Saturday 28 May 2022

Is Rishi Dishy Again?

Of late, the chancellor has had a brusing time. How to get back on top of the ratings? We don't know the findings of his half-a-million pound focus groups aimed at improving his image, but perhaps doing something to address the cost of living scored more highly among their priorities than photos in his casual clothing. I'm not saying Rishi Sunak announced his package of measures to ease energy price rises to put him back into contention for the Prime Minister's job, but like unveiling it the day after Sue Gray's report the timing was politically fortuitous.

No one's going to turn their nose up at seeing their bills depressed by at least £400, but let's not play kiddum here. With the energy price cap galloping upwards from £1,971 now (itself a rise of £700 on the previous figure) to £2,800 in October, when those bills come in all households are going to be out of pocket. Sunak's "largesse" won't stop some from going to the wall, even though the poorest household qualify for more support with "grants" worth £650. Welcome upratings to pensions and other social security support are due next year as well, but they have problems too.

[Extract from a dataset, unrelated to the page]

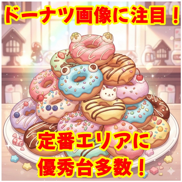 今回も公式ポストから追撃ポストがあり、下記画像が投稿されました。毎回ドーナッツ画像出現時はジャグに優秀仕掛けが用意され、今回も画像にまつわる機種が優秀となりました。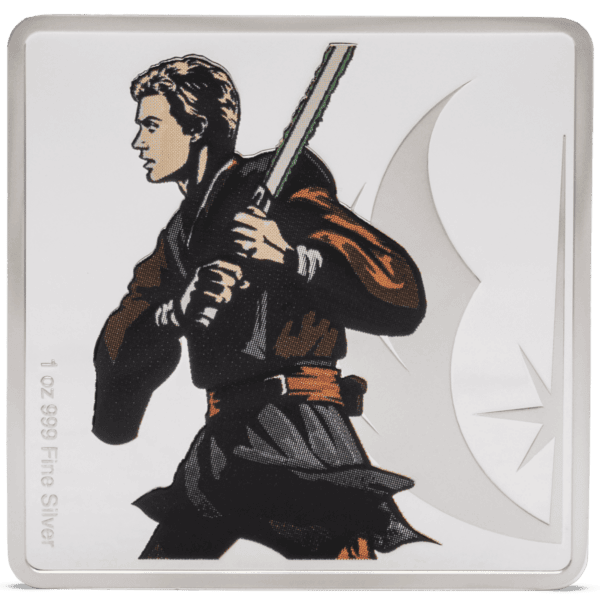 - One side highlights Anakin Skywalker in color wielding his Lightsaber, with the Jedi crest behind.

So when is a grant not a grant? What Sunak and the Treaury team are desperate to claim Labour, with its own windfall tax policy, had nothing to do with bouncing them into this position. But some serious thought has gone into ensuring this "giveaway" is entirely consistent with the Tory politics of offering nothing. That is the consistent strategy they have employed since Boris Johnson was elected to say a great deal, but ensuring any popular concession is begrudging and cannot be a handle for either empowering those below or encouraging them to ask for more. Sunak's ill-fated energy bill loan was very much of this character, yet even he was alive to the difficulties of it adding payback to living costs in the long run - just in time for the general election. The loan element has gone, but the method is the same. Deducting the "windfall" at source removes any agency on the part of the populace, and while it will provide relief for some the fact it's going to get smothered bill increases anyway just reinforces the sense that nothing can be done: that politics and political decisions are things done to us, not something we can articulate and prosecute ourselves. Sunak gets the headlines but the fundamentals of Johnsonian statecraft remain unperturbed. And what do you know, for their pains and as a big thankyou the Chancellor has given the oil companies a very generous tax break - a 91p saving - for every pound invested in the UK. Jolly decent of him.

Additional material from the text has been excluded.